What you should do: The material below should be copied line for line, please, with pictures omitted.

Recorded information:
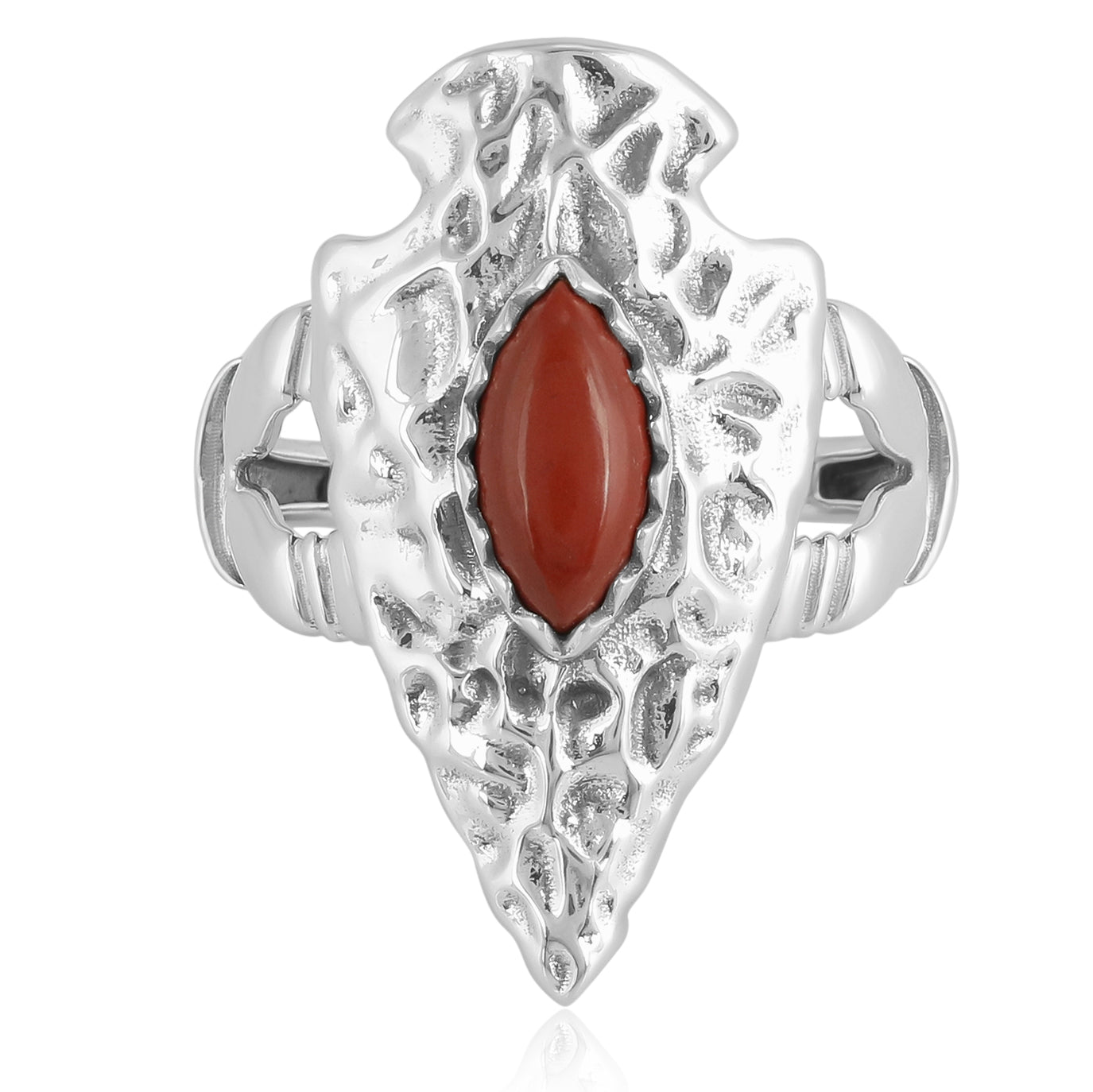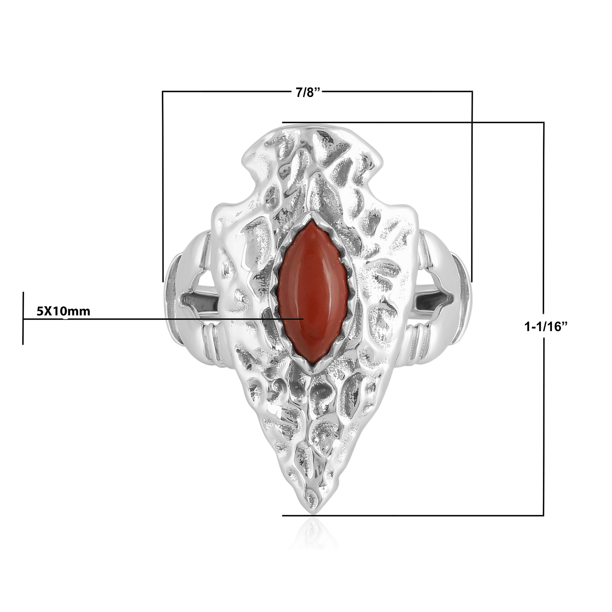 • Marquise cut 5x10mm genuine Red Jasper gemstone set in a serrated bezel on an oxidized, textured arrowhead-shaped Sterling Silver base with a split-shank band
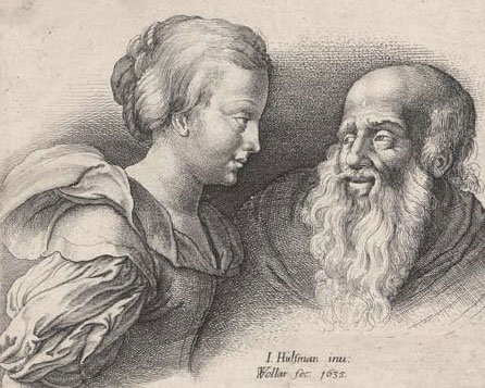 Etching. Johann Hulsman. The Elder and the Maiden. c. 1634 (Printed by Wenceslaus Hollar, 1635). 4 x 4 3/4" (10.2 x 12.1 cm). The Museum of Modern Art, New York. Gift of Richard Benson. The linear net used to emulate tone in the woodcut shows up in engravings and etchings as delicate cross-hatching.
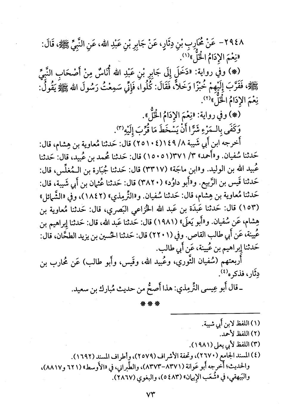- وفي رواية: «دخل إلى جابر بن عبد الله أناس من أصحاب النبي صَلى الله عَليه وسَلم فقرب إليهم خبزا وخلا، فقال: كلوا، فإني سمعت رسول الله صَلى الله عَليه وسَلم يقول: نعم الإدام الخل» (¬٢).
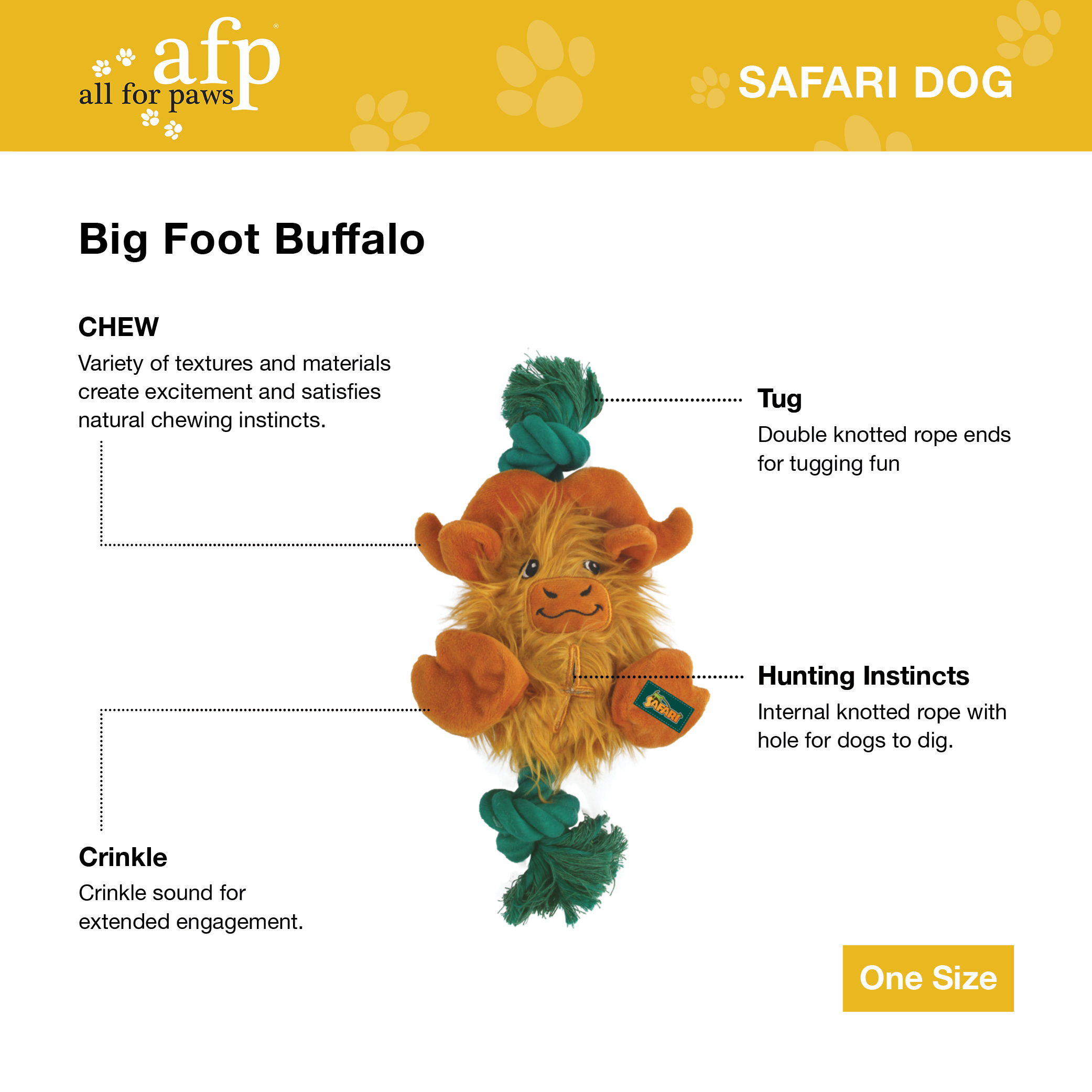 This knotted plush toy is a great tug toy for you pet to engage in solo play or to play with you. The knotted rope on both ends allows for tug fun, while the hole in the middle allows for the dog to dig at the internal knotted rope and satisfy their natural chewing instincts. This cute Big Foot Buffalo is made of a variety of materials and textures to create additional excitement.
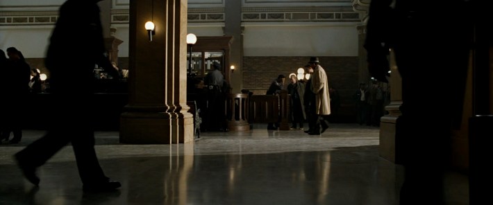 Two years before the critically acclaimed neo-noir classic L.A. Confidential (1997) transformed what is today the Pacific Electric Lofts into a 1950s police precinct, it was used in SE7EN to make up part of a timeworn police station complete with offices, a bullpen, fingerprint lab, and corridors lined with glazed doors and transom lights.
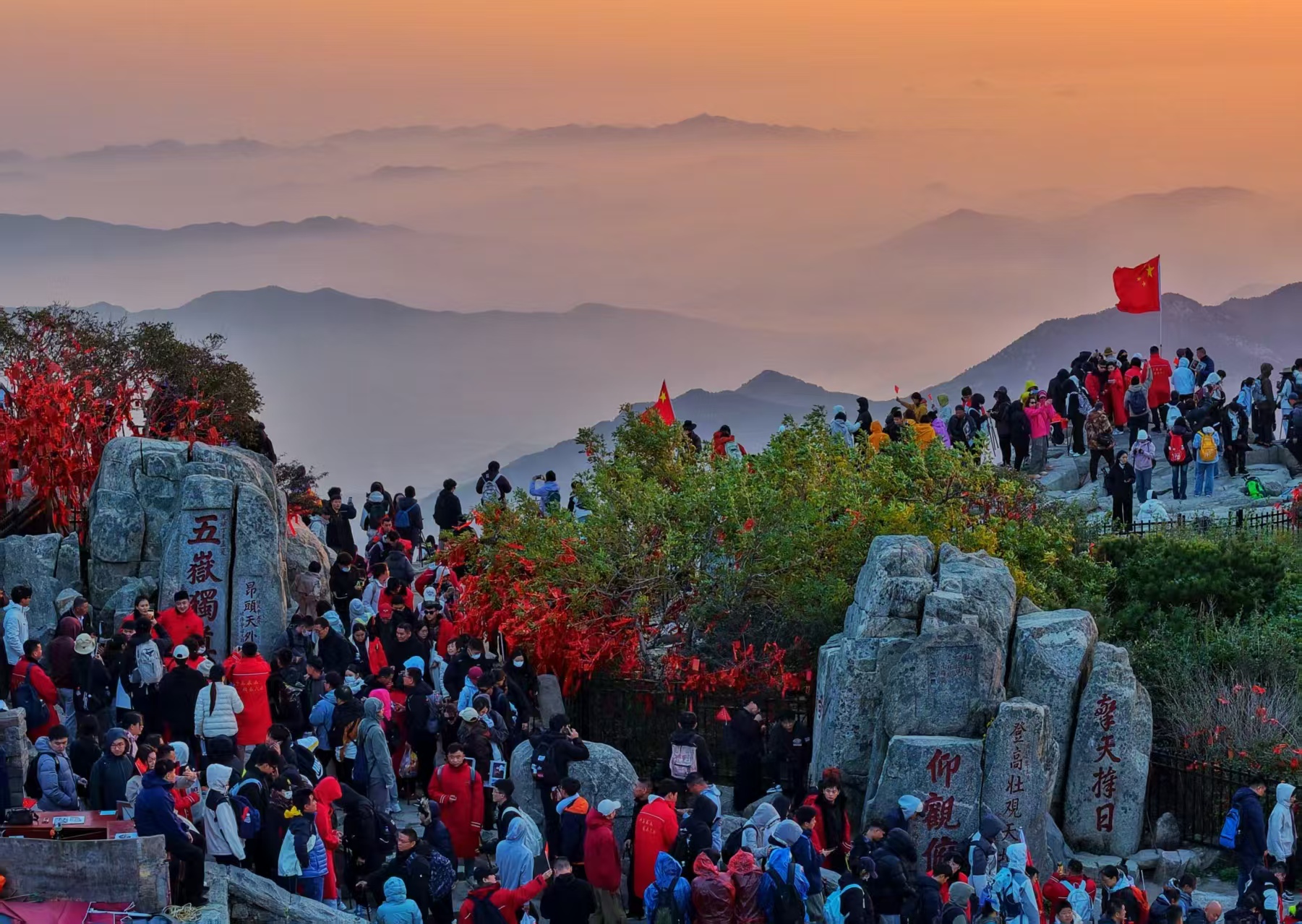 逾萬(wàn)名遊客在泰山之巔為祖國(guó)慶生

Output for this task:
 • Marquise cut 5x10mm genuine Red Jasper gemstone set in a serrated bezel on an oxidized, textured arrowhead-shaped Sterling Silver base with a split-shank band
 Etching. Johann Hulsman. The Elder and the Maiden. c. 1634 (Printed by Wenceslaus Hollar, 1635). 4 x 4 3/4" (10.2 x 12.1 cm). The Museum of Modern Art, New York. Gift of Richard Benson. The linear net used to emulate tone in the woodcut shows up in engravings and etchings as delicate cross-hatching.
- وفي رواية: «دخل إلى جابر بن عبد الله أناس من أصحاب النبي صَلى الله عَليه وسَلم فقرب إليهم خبزا وخلا، فقال: كلوا، فإني سمعت رسول الله صَلى الله عَليه وسَلم يقول: نعم الإدام الخل» (¬٢).
 This knotted plush toy is a great tug toy for you pet to engage in solo play or to play with you. The knotted rope on both ends allows for tug fun, while the hole in the middle allows for the dog to dig at the internal knotted rope and satisfy their natural chewing instincts. This cute Big Foot Buffalo is made of a variety of materials and textures to create additional excitement.
 Two years before the critically acclaimed neo-noir classic L.A. Confidential (1997) transformed what is today the Pacific Electric Lofts into a 1950s police precinct, it was used in SE7EN to make up part of a timeworn police station complete with offices, a bullpen, fingerprint lab, and corridors lined with glazed doors and transom lights.
 逾萬(wàn)名遊客在泰山之巔為祖國(guó)慶生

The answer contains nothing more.